|
From: Katsumi Yamaoka <yamaoka <at> jpl.org>
Subject: Re: [BUG]What does this mean:"Mention that multibyte characters Newsgroups: gmane.emacs.gnus.general Date: 2004-10-20 05:36:48 GMT (4 years, 36 weeks, 5 days, 2 hours and 9 minutes ago)
>>>>> In <b9yacuji7t6.fsf <at> jpl.org> Katsumi Yamaoka wrote:
> I'll try translation of Kenichi Handa's advice next time.
This is practice of my English composition. No matter what mistake
may be there, the responsibility is in me.
>>>>> Katsumi Yamaoka wrote:
> With the following form, Emacs 21.3.50 returns non-nil, and 22.0.0
> returns nil. Could you let me know for reference what occurs there?
> (with-temp-buffer
> (set-buffer-multibyte t)
> (insert (string-as-unibyte "\200"))
> (goto-char (point-min))
> (search-forward (string-as-multibyte "\200") nil t))
;; Annotation by K.Y.:
;; At that time, I didn't know the possible insertion forms are
;; `(insert ?\200)' and `(insert (format "%c" ?\200))' yet.
>>>>> Kenichi Handa wrote:
Even with Emacs 21.3.50, the above form will return nil according to a
certain language environment (e.g., Vietnamese, etc.).
You have to understand first that a unibyte string is converted into a
multibyte string by `string-make-multibyte' when inserting a unibyte
^^^^
string in a multibyte buffer. Therefore,
the `(insert (string-as-unibyte "\200"))' form is identical to the
`(insert (string-make-multibyte (string-as-unibyte "\200")))' form.
Where how `string-make-multibyte' converts depends on the language
environment. As for Emacs 21, in the Latin-1 language environment,
for example, the string of "\200" will be converted into the character
which corresponds to \200 in the eight-bit-control charset since the
primary charset latin-iso8859-1 doesn't contain \200.
Second, `string-as-multibyte' converts STRING into the multibyte
string, keeping its byte sequence as much as possible. It works
``as much as possible'' but sometimes brings differences. For
example, the string of "\200" will be converted into the byte-sequence
of "\236\240" which is a character contained in the eight-bit-control
charset. It is the same as the character which the above program
inserted in the buffer.
Consequently, in the Latin-1 language environment, for example, the
above program returned non-nil, in Emacs 21.
On the other hand, in Emacs 22, since iso-8859-1 which is the primary
charset for Latin-1 contains \200, the form
(insert (string-as-unibyte "\200"))
inserts the character of U+0080 rather than the character which
belongs to eight-bit-control.

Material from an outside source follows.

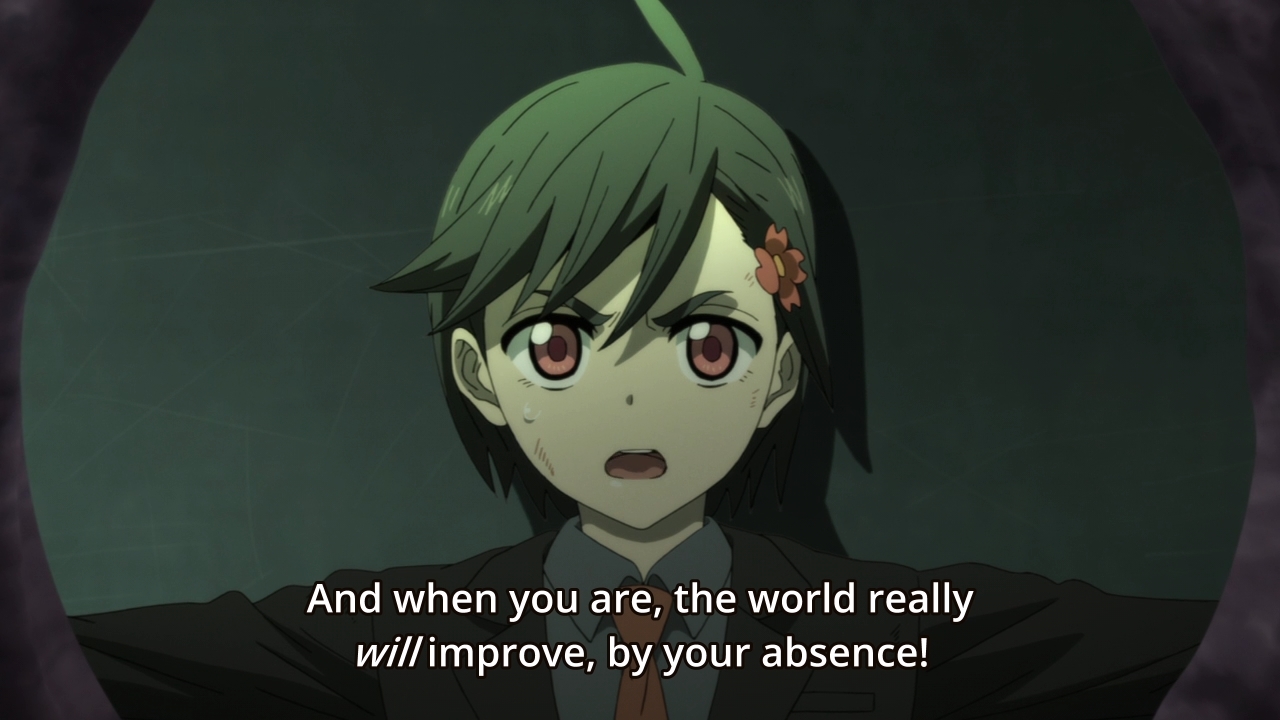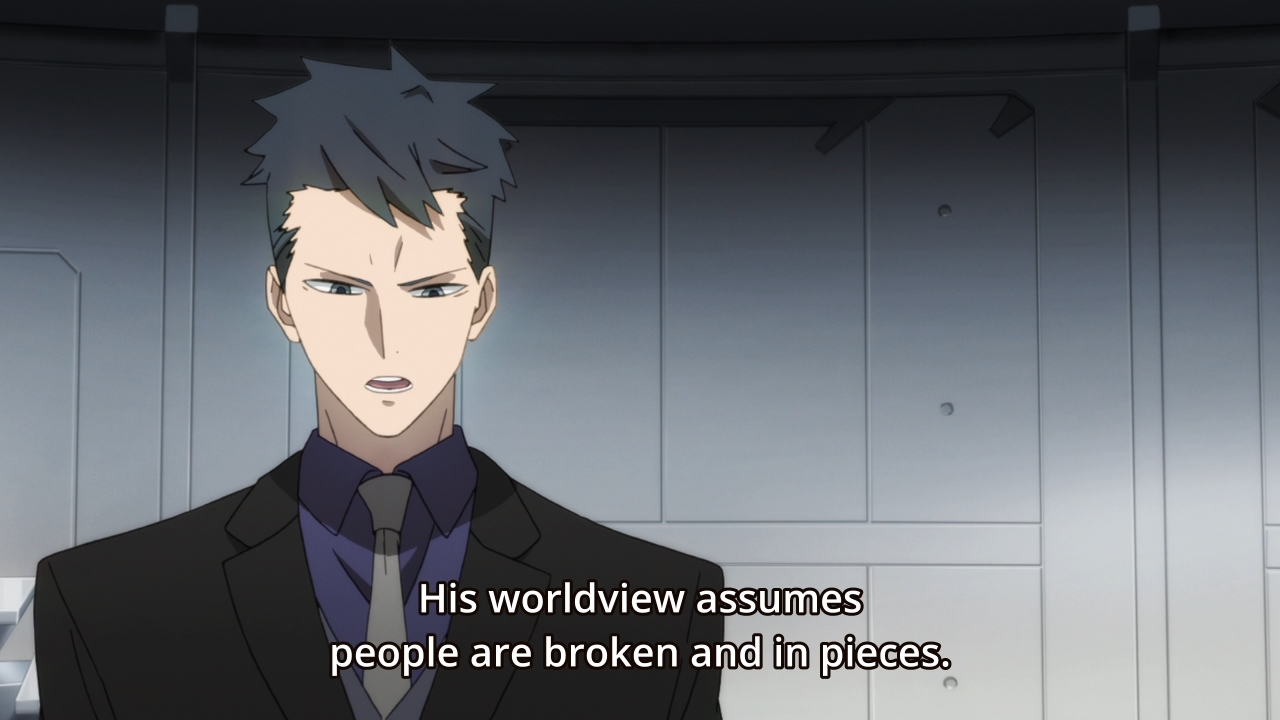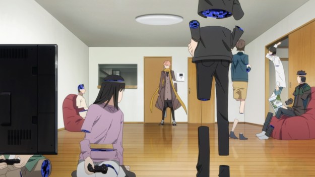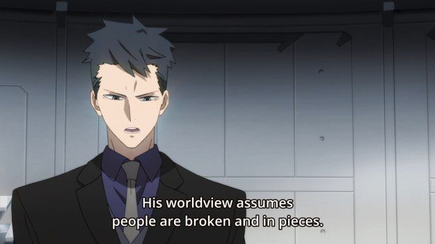 But really, what truly bugs me about the first two episodes of ID INVADED isn’t so much the fantastical nature of its science fiction, but the clumsy way in which information — whether it’s about the technology that allows one to dive into a killer’s id or the killer’s own intent — is relayed to us. As Sakaido pieces together the killer’s fragmented mind, we cut away constantly to the peanut gallery in the real world. Every action he takes is punctuated by these nuggets of clumsy exposition. “The battle lasts until our brilliant detective solves the mystery of [the girl’s] death!” “Id wells are the human unconsciousness!” “Only someone who’s killed can enter a well!” “His worldview assumes people are broken and in pieces.” This bothers me because you have right there a blank canvas for the imagination and I’m not even using a metaphor. Our hero can literally enter a killer’s mind. He’s in one for the majority of the first two episodes, in fact! The story can use this conceit to visually portray any sort of information that it wants to convey to the user — and it does! — but we still have to do our “due diligence” and check in on Sakaido’s handlers. Ooh, what are their reactions? What do they think? I’m reminded of those Japanese variety shows where it’s not enough for me to see some gag play out on screen. I gotta know how these famous people on the side are reacting. Are they laughing too? I don’t want to laugh if they’re not laughing!
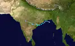 An area of convection formed on October 1 southeast of India. It was located in an area of moderate wind shear. The system moved to the northeast, developing more convection over the circulation. On October 2, the JTWC classified it as Tropical Cyclone 03B, although the IMD never issued warnings on the system. The JTWC estimated peak 1 minute winds of 65 km/h (40 mph). Early on October 3, the storm moved ashore just south of Kolkata, and dissipated soon after.[14] Heavy rains swamped portions of northern Bangladesh causing tremendous flooding that destroyed more than 100,000 mud-built homes. Government officials estimated that 1.5 million people were rendered homeless. Floods also damaged 200,000 hectares (500,000 acres) of crops and 1,000 km (620 mi) of roads. At least 16 people were killed while waterborne diseases in the aftermath threatened to kill dozens more.[26][27][28]

However, `string-as-multibyte' always
converts \200 into the character of eight-bit-control. This is the
reason that program returns nil.
If you have a need to look for \200 after inserting it in a buffer, it
will go well in both Emacs 21 and 22 using the following way for
example:
(with-temp-buffer
(set-buffer-multibyte t)
(insert (string-to-multibyte "\200"))
(goto-char (point-min))
(search-forward (string-to-multibyte "\200") nil t))
;; Annotation by K.Y.:
;; I didn't use that way in the `gnus-update-summary-mark-positions'
;; function (which see).
`string-to-multibyte' always converts a string into the characters
which belong to eight-bit-control or eight-bit-graphic, so the string
which it makes will never match usual string.
P.S.
In Emacs 21, the form
`(insert (string-to-multibyte "\200"))'
does the same as the form
`(insert ?\200)'
does. It is because there is not the character corresponding to 128
in the multibyte buffer, and it is treated as the raw byte which
belongs to eight-bit-control.
However, it differs in Emacs 22. Since the character corresponding to
128 exists as U+0080, it will be inserted.
;; Annotation by K.Y.:
;; I deeply thank to Kenichi Handa. There was all knowledge that I
;; needed.
|
|
|